Christmas in Vientiane

Vientiane was not quite as welcoming as Luang Prabang, but that may have been due to the very cold, bumpy and long 12 hour overnight bus journey that brought myself and my two friends there on Christmas Eve.  We felt better after arriving at our hotel, the Chandara Boutique Hotel, as they gave us breakfast for free while we waiting for the people in our room to check out and the staff to sort the room out for us.  We thought we’d be waiting quite a while but they were much quicker than we expected, which of course we were very happy about!  However, in contrast to the previous two hotels we’d stayed at, they didn’t give us a map (they didn’t have any) or tell us about any good places to go or sights to see, which was a shame.

After a bit of freshening up, a short tuktuk ride took us into the centre of town.  Of course our first priority was to book somewhere for Christmas dinner as our hotel wasn’t doing anything for the day.  We’d looked up a couple of places and decided the Lao Plaza Hotel sounded like a good bet – and we were right.  Christmas dinner was booked for 6.30pm.  A bit of a wander around took us to the Laos National Culture Hall (unfortunately closed and looked like it was undergoing some kind of restoration or refurbishment) and the Laos National Museum, by which time we were very grateful to get out of the hot sun.
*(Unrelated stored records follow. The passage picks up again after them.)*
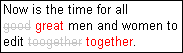 You can edit documents as a team, tracking individual changes and recommendations by color. The originator of the document then has the option of accepting or rejecting markup suggestions. For example, you might want to send an advertisement to your co-workers for their edits and suggestions. You would ask each of them to mark their changes with the tracking feature enabled and to send the text back to you.
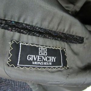 Vintage 1980s/90s GIVENCHY 40R Charcoal Gray Flecked Wool Sport Coat Blazer Leather
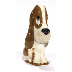 Seated Szeiler droopy dog, marks to base, 18cm high
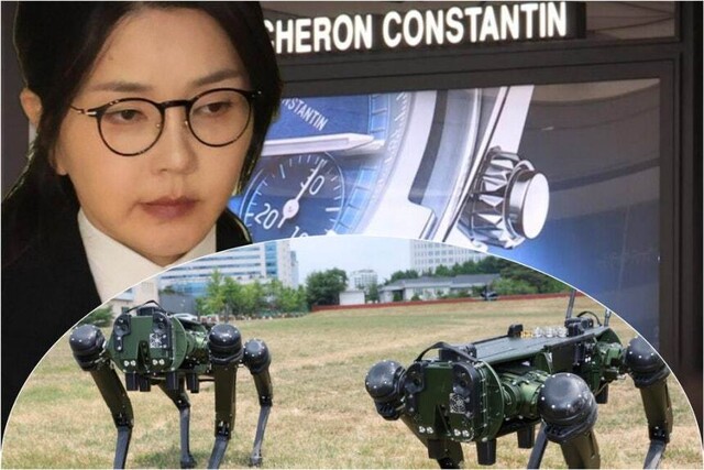 (위) 김건희 여사와 ‘바슈롱 콩스탕탱’(바쉐톤 콘스탄틴) 시계 합성 사진. (아래) 미국 고스트로보틱스사의 로봇개. 연합뉴스 |
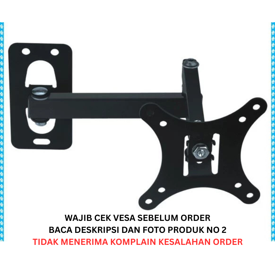 Bracket TV LCD LED Telescopic 10 17 19 20 21 22 24 26 32 Inch VESA 7,5 DAN 10 CM Taffware X100A
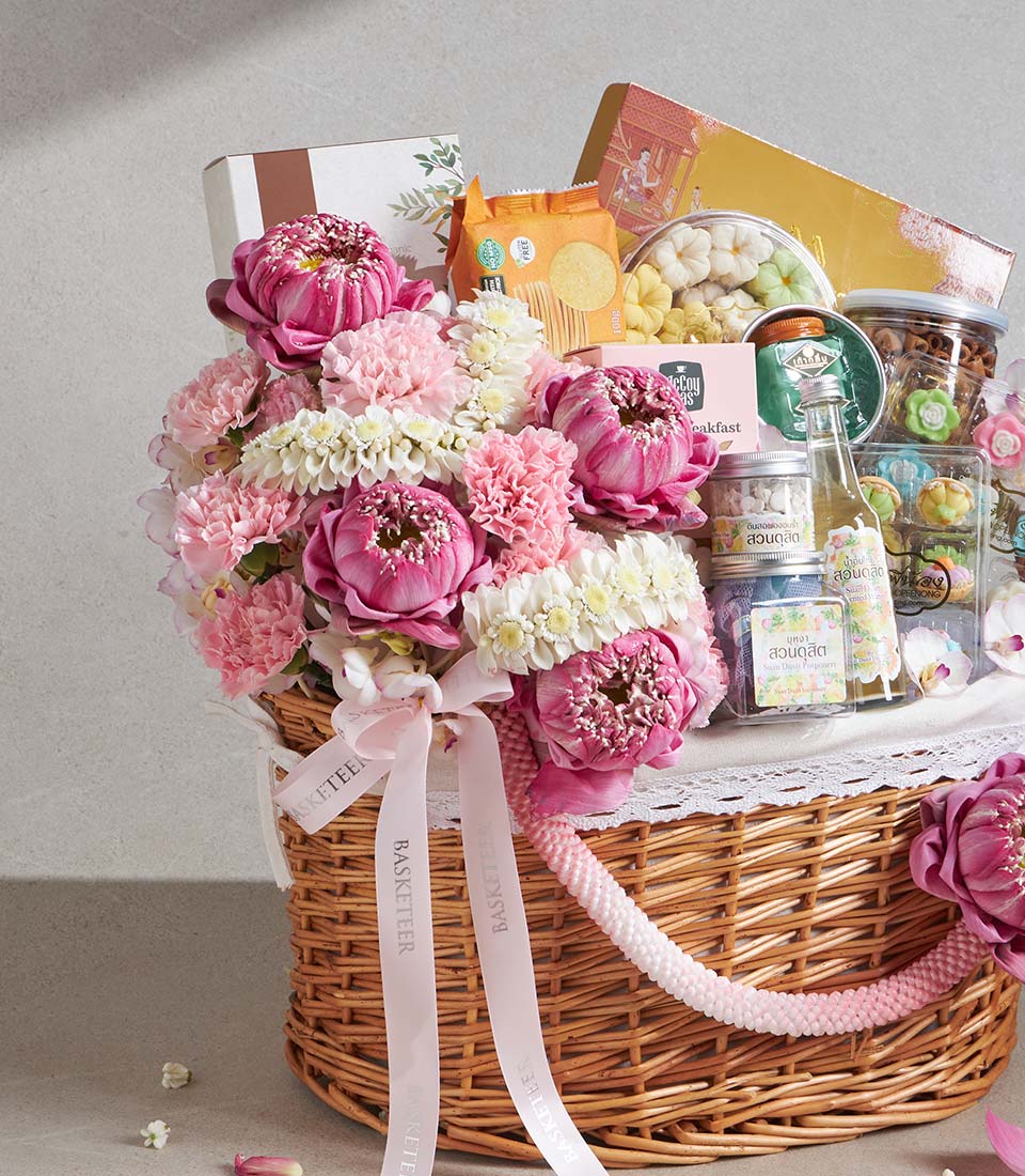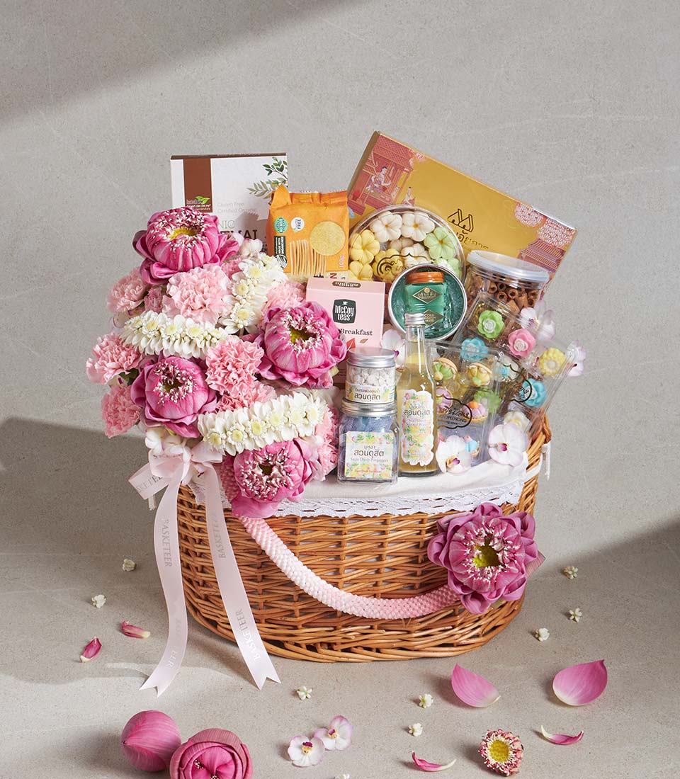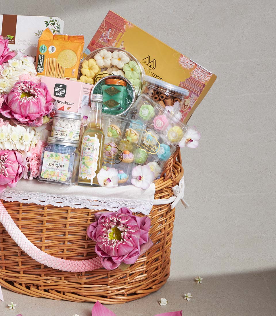 Premium Songkran Gift Basket Lotus Heritage Deluxe Set An exquisite Thai Songkran gift basket designed to reflect heritage, elegance, and refined gifting. This luxurious set combines traditional Thai desserts, aromatic scented elements, premium tea, and curated snacks, beautifully arranged in a classic wicker basket adorned with fresh pink lotus-inspired floral decoration. A meaningful expression of respect, gratitude, and prosperity for Thai New Year celebrations.

The museum is housed in a fairly innocuous building with a few murals along the walls and trees growing over the peeling sign.  Inside is a wealth of information about Laos’ riveting history, beginning with prehistory via French colonialism and the war with the ‘US imperialists’ up to the change to communism in 1975 and the impact that has had.  Everyone has of course heard of the Vietnam war, but I didn’t realise that it had such an impact on the countries nearby.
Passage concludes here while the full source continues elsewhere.